The first term represents the contribution of the N_sθ_s adsorbed Mg²⁺ cations per virus and the second term represents the solution entropy of the virus. C_s is the solubility of the virus at a given MgCl₂ concentration (in units of volume fraction) and C_s,o is a scaling parameter to set the solubility of the virus with no added MgCl₂ (the reference state). Similar expression for the chemical potential of the virus in the crystal state is given by

$${\mu }_{\text{crystal}}=0.5f_p{N}_s{\theta }_b\mu +\left(1-f_p\right)N_s{\theta }_{nb}\mu$$ (10)

where f_p is the fraction of virus surface that participates in bridging interaction. In the last expression we neglected the entropy term of the crystal state. The factor of 0.5 accounts for the fact that each bridging ion interacts with two adjacent virus particles. At equilibrium μ_soluble = μ_crystal and the expression for the solubility is given by

$$C_s=C_{s,o}\text{exp}\left(\mu \text{Δ}{N}_{{\text{Mg}}^{2+}}\right)$$ (11)

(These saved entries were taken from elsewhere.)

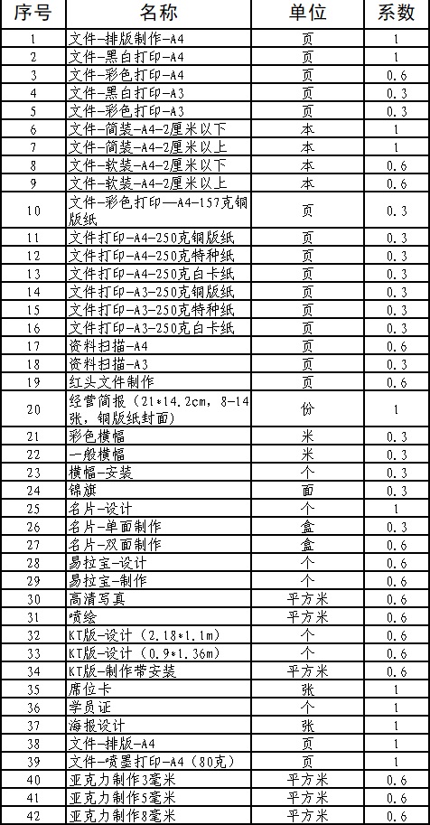 1.采購內(nèi)容:選擇一家文印服務(wù)商簽訂服務(wù)協(xié)議,原則上服務(wù)期限不超過2年,每年續(xù)簽一次,若出現(xiàn)服務(wù)不到位的情況,公司有權(quán)重新采購或終止服務(wù)。文印服務(wù)包括但不限于下列清單。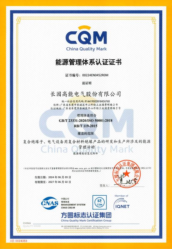 九游NineGame科技集团旗下子公司九游NineGame高能电气股份有限公司(简称:九游NineGame高能)于2024年5月28-29日通过了方圆标志认证集团能源管理体系(GB/T23331-2020/ISO50001:2018、RB/T119-2015)的现场审核,并于2024年6月3日正式获得《能源管理体系认证证书》。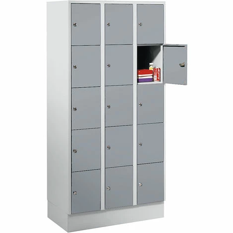 Abteilbreite: 300 mm, Anzahl Fächer: 15, Breite: 900 mm, Fachbodenhöhe: 320 mm, Fachbreite: 300 mm, Höhe: 1800 mm, Sockelhöhe: 100 mm, Staffelpreisvorteil ab: 1 Stück, Tastaturplatte: 0, Tiefe: 500 mm, Innenausstattung: Fächer ohne Unterteilung, Korpusfarbe: lichtgrau, Material: Stahlblech geschweisst, Türart: Vollwand-Türen, Verschlussart: Doppelbartschloss mit 2 Schlüsseln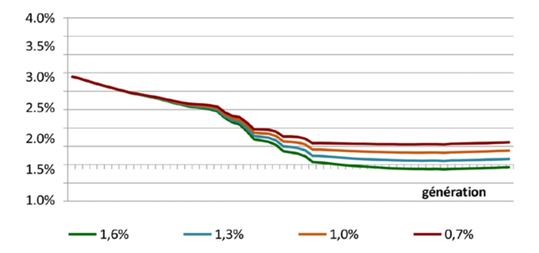Évolution du TRI réel (i.e. après inflation) par génération pour un salarié non-cadre selon différentes hypothèses de croissance de la productivité :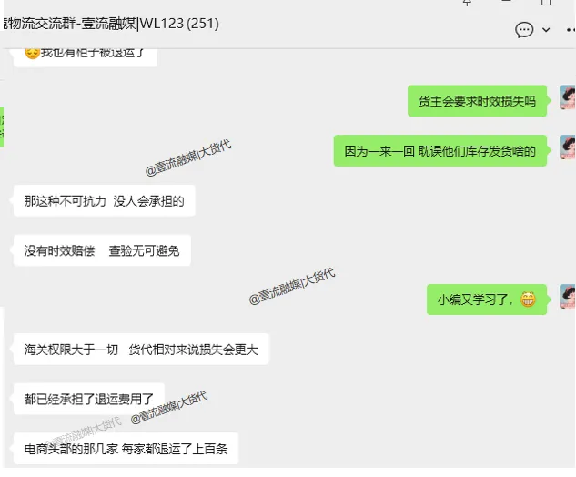虽然小编此前的报道中也采访不少遭遇“退运”的货代,得到的反馈是说“由于此次查验潮爆发的时效损失问题,属于不可抗力因素,很少货代会去承担。”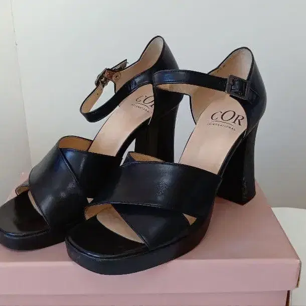 가죽 소재의 스트랩 하이힐, 엘레강트한 디자인. - 브랜드: COR - 색상: 블랙 - 스타일: 하이힐 - 소재: 가죽 - 디자인: 스트랩 포함 - 굽 높이: 9.5cm 방문해 주셔서 감사합니다. 약간의 긁힌 자국이 있지만, 많이 신지 않았던 것 같습니다. 정품 상자는 없습니다. 잘 부탁드립니다. 색상 - 블랙 계열 굽 높이 - 7.1~10cm 발가락 - 오픈토 밑창 굽 모양 - 와이드 힐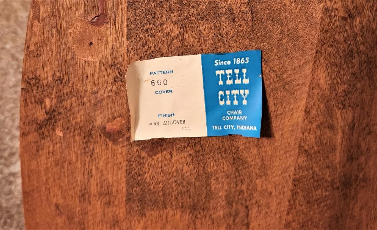 Marked "Tell City " a quality Mid-Century furniture maker, Andover finish, great condition. 23" across at the arms, 42" tall, 28" deep at the rockers. Sturdy and comfortable.
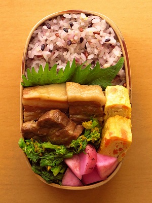 本日の弁当: 八角風味の煮豚 → 菜の花からし和え → かぶの梅酢漬け 人参入り玉子焼き 大葉 五穀米+白米ごはん 【八角風味の煮豚】 つくりかたは、こちら→ 紹興酒のコクがなんちゅうか本中華 でたまらんうまい。若いころ、実家 に帰省した際にコイツを作って親に 自慢してやろうと紹興酒一瓶買って 台所の棚に仕舞っておいたら、料理 に使うとは知らずに父が一晩で飲み 干してしまった(^^;)。 当時は怒りに任せ父をキツく叱っ...

where $\text{Δ}{N}_{{\text{Mg}}^{2+}}$ is the difference in the number of adsorbed Mg²⁺ cations per virus between the crystal and the soluble states that is equal to

$$\text{Δ}{N}_{{\text{Mg}}^{2+}}=N_s\left[0.5f_p{\theta }_b+\left(1-f_p\right){\theta }_{nb}-{\theta }_s\right]$$ (12)

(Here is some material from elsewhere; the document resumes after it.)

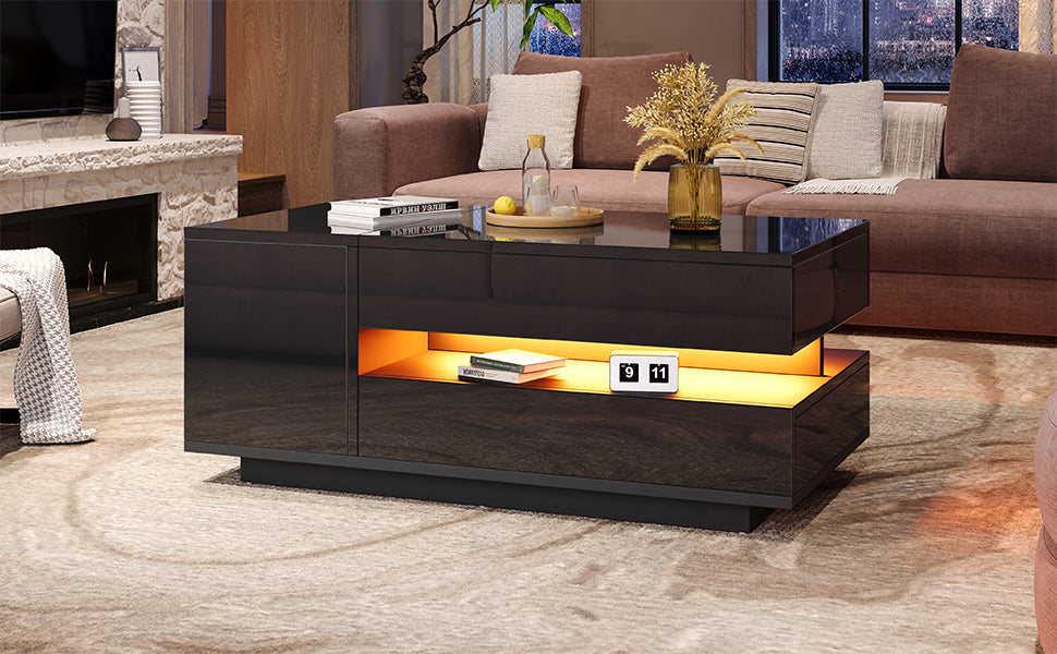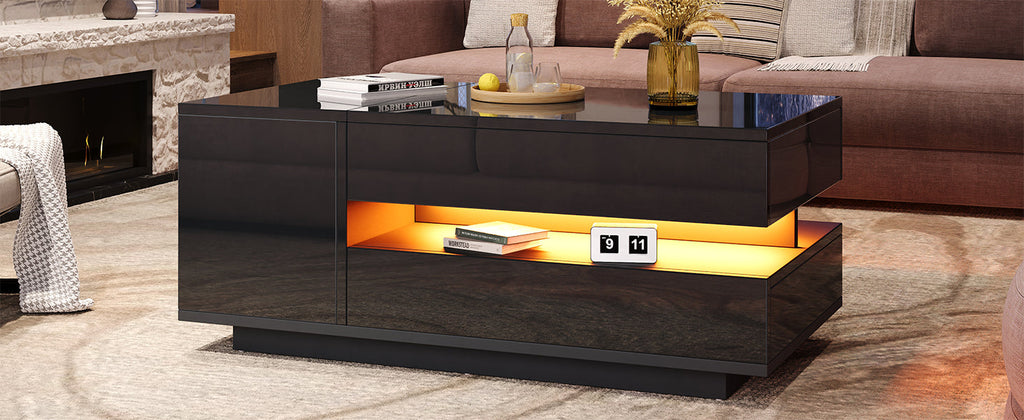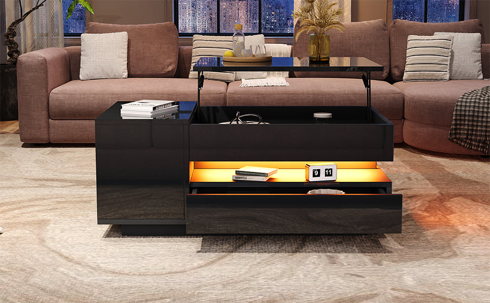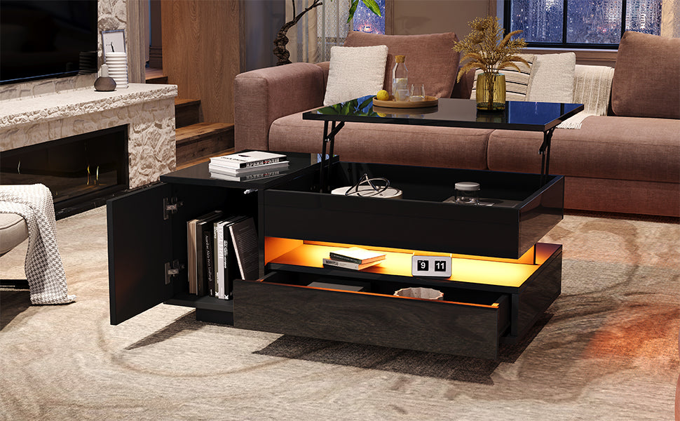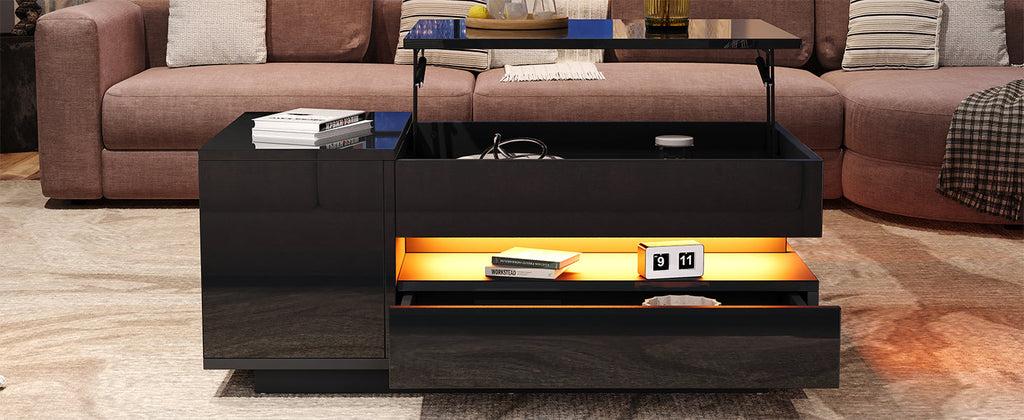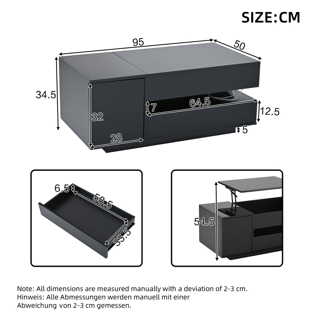 Coffee Table Liftable 95x50x34.5cm, LED, High-Gloss Black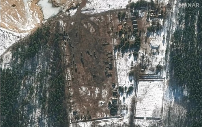 Gambar ini, diambil pada 4 Februari 2022 oleh satelit Maxar Worldview 3, menunjukkan Lapangan Terbang VD Bolshoy Bokov di dekat Mazyr, Belarusia, sebelum pasukan Rusia pindah ke daerah tersebut. Foto: Maxar Technologies

The expected fraction of soluble virus as a function of the concentration of the bulk MgCl₂ can then be derived by the supersaturation condition ${\chi }_s=\frac{C_s}{C_{tot}}$ where the value of χ_s is between 0 and 1. Eq. 12 was plotted in Figure S10 and discussed in Sec. 5 in the SI.

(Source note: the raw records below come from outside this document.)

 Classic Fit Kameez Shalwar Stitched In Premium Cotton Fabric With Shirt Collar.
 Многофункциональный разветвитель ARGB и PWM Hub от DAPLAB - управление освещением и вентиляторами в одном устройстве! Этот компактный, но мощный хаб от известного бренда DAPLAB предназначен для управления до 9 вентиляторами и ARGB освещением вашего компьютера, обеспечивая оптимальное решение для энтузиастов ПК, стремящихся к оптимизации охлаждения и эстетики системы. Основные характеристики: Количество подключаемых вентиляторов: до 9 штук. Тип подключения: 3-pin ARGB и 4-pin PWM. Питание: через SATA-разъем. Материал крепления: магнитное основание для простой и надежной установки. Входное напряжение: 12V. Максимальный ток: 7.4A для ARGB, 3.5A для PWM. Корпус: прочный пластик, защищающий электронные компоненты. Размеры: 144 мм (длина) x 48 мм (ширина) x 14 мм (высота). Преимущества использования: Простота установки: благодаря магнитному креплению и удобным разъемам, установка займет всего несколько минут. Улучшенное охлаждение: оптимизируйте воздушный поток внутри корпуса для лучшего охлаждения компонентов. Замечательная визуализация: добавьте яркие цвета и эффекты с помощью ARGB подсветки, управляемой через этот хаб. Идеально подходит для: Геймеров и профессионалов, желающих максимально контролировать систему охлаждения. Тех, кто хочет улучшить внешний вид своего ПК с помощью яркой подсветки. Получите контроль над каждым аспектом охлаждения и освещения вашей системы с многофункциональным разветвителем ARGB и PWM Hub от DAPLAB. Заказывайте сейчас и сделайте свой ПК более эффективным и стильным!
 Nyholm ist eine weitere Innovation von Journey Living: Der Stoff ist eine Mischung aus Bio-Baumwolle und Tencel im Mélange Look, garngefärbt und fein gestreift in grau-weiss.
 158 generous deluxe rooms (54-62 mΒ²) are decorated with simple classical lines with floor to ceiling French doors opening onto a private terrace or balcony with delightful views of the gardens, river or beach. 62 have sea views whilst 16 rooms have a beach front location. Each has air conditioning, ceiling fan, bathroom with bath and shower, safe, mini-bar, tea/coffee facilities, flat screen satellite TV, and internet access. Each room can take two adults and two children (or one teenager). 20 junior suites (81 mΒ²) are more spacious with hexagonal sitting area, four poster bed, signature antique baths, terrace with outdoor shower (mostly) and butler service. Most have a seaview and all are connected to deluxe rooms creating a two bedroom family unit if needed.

Estimating the values of model parameters

To compare the prediction of the model with the experimental result one needs to estimate the values of the parameters. We set the interaction surface area per contact between two virus particles to be equal to the outer surface area of one pentamer. Therefore, f_p, the surface fraction for the bridging interaction, was set to $\raisebox{1ex}{$8$}\!\left/ \!\raisebox{-1ex}{$72$}\right.$ for the BCC lattice. The number of potential binding sites per pentamer was estimated by the number of the acidic residues (Asp and Glu) that are found on the outer surface of a pentamer and are accessible for interaction with adjacent pentamer. We estimated this number from the crystal structure of the VP1 pentamer (1SVA). The number of acidic resides was found using PvMol software⁵⁷ and for estimating the protonation state we used H ++ server.⁶⁴ From the crystal structure there are 3 or 4 acidic residues per monomer that are accessible for the interaction. The calculated pKa vales were between 0.74 and 3.38. Therefore, the number of available binding sites per pentamer, N, was estimated to be between 15 and 20. The solid curves in Figure 3 were obtained with N = 20. The results, however, did not change considerably when N was 15. The reference state, C_s,0, was set to 0.68 which is the volume fraction of spheres that form a BCC lattice geometry.⁶⁵ The initial virus volume fraction was estimated by the following equation

$$C_{tot}=\frac{C_{VP1}}{{10}^3{M}_{w,VP1}}{N}_{av}\frac{1}{5\times 72}{V}_{SV40}$$ (13)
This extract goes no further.